Draco sta zitto, mentre Astoria lo abbraccia e si addormenta lì, accanto a lui. C’è qualcosa di dolce nel viso di Astoria rilassato e sereno. Draco sente che vorrebbe vederlo davvero ogni mattina appena alzato, e non ha la forza di alzarsi.
Non risponde all’abbraccio di Astoria, ma si addormenta.
Resta lì, perché Astoria è rimasta. Astoria è lì, e non si muoverà più.

Draco è seduto lì da un sacco di tempo, ormai.
Vorrebbe entrare lì dentro, chiedere a quei maledetti Guaritori come stia Astoria, come stia sua moglie – gli fa uno strano effetto pensarlo, dirlo, ma non è un brutto effetto: gli piace.
Quella maledetta poltroncina del San Mugo è troppo piccola, e lui tamburella le dita sulla coscia con aria irritata. No, non sembra preoccupato, ma in realtà lo è.
“Primo figlio?” domanda un uomo pasciuto, lì vicino.
“Si faccia gli affari suoi” ringhia Draco, e l’altro abbassa lo sguardo.
Finalmente la porta si apre, e qualcuno esce. Draco si alza in piedi lentamente e si avvicina, fingendosi tranquillo quando invece non lo è.
“Signor Malfoy?” domanda la graziosa ostetricia, per poi sorridere “È un maschietto!”
La ragazza si scosta, lasciandolo entrare.
Astoria è lì, pallida, stremata ma sorridente, che stringe tra le mani un fagotto di coperte che muove i pugnetti e mugugna leggermente, in risposta ai sussurri dolci della donna.
Draco osserva quella scena in silenzio. Non sorride, ma si sente invadere dal calore di quella famiglia. Una famiglia vera, un padre ed una madre che si amano e che amano il proprio figlio: quello che ha sempre voluto e che adesso avrà il piccolo.
“Draco” mormorò Astoria “Vieni a vedere”
Draco si avvicina, incerto sui propri passi. Non lo da a vedere, ma Astoria gli legge negli occhi quanto sia preoccupato. Abbozza un sorrisetto leggero, mentre lui si avvicina.

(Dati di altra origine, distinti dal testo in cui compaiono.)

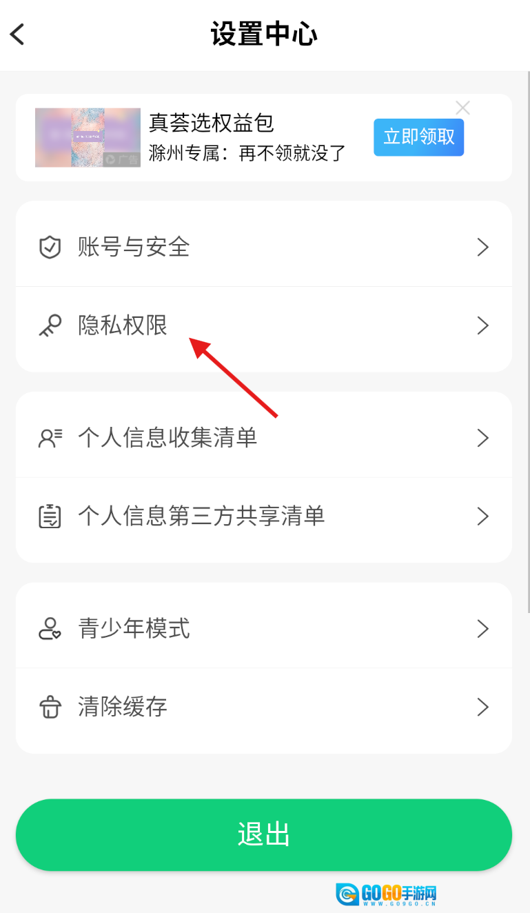3、进入设置界面后,向下滑动页面找到“隐私权限”选项,点击该选项即可进入隐私相关的设置页面。

L’odore del sangue che aleggiava prima nella stanza viene sostituito da un candido profumo di sudore e sapone, mentre si avvicina ad Astoria. La donna gli porge il fagotto di coperte, e lui lo prende, incerto.

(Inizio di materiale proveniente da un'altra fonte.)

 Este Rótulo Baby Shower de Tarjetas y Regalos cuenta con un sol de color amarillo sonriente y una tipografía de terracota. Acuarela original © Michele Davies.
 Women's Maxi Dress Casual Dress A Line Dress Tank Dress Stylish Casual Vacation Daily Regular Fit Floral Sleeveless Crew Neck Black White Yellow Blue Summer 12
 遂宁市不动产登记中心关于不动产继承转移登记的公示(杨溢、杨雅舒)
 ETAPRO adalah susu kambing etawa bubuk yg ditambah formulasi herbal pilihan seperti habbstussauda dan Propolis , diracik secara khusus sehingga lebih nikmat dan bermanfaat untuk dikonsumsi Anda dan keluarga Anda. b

È una cosa così piccola che Draco ha quasi paura di ucciderlo se lo stringe troppo. È completamente pelato, rosso ed ha due grandi occhi che sono la perfetta mescolanza tra i suoi e quelli di Astoria. Le manine minuscole si muovono alla rinfusa davanti a sé, e Draco perde il respiro.
Quello è suo figlio. Quello è Scorpius, suo figlio.
Il suo cuore perde un battito, prima di accelerare violentemente. Le gambe di Draco cedono sotto il suo peso, e lui si ritrova seduto, con suo figlio tra le braccia e il cuore a mille per l’emozione.
È così piccolo e indifeso… una cosa bisognosa di amore, e non di freddezza.
Alza lo sguardo ed incontra gli occhi brillanti di Astoria, che sorride ancora con dolcezza.
Sì, Astoria aveva ragione.
C’è ancora un posto per lui in quel mondo.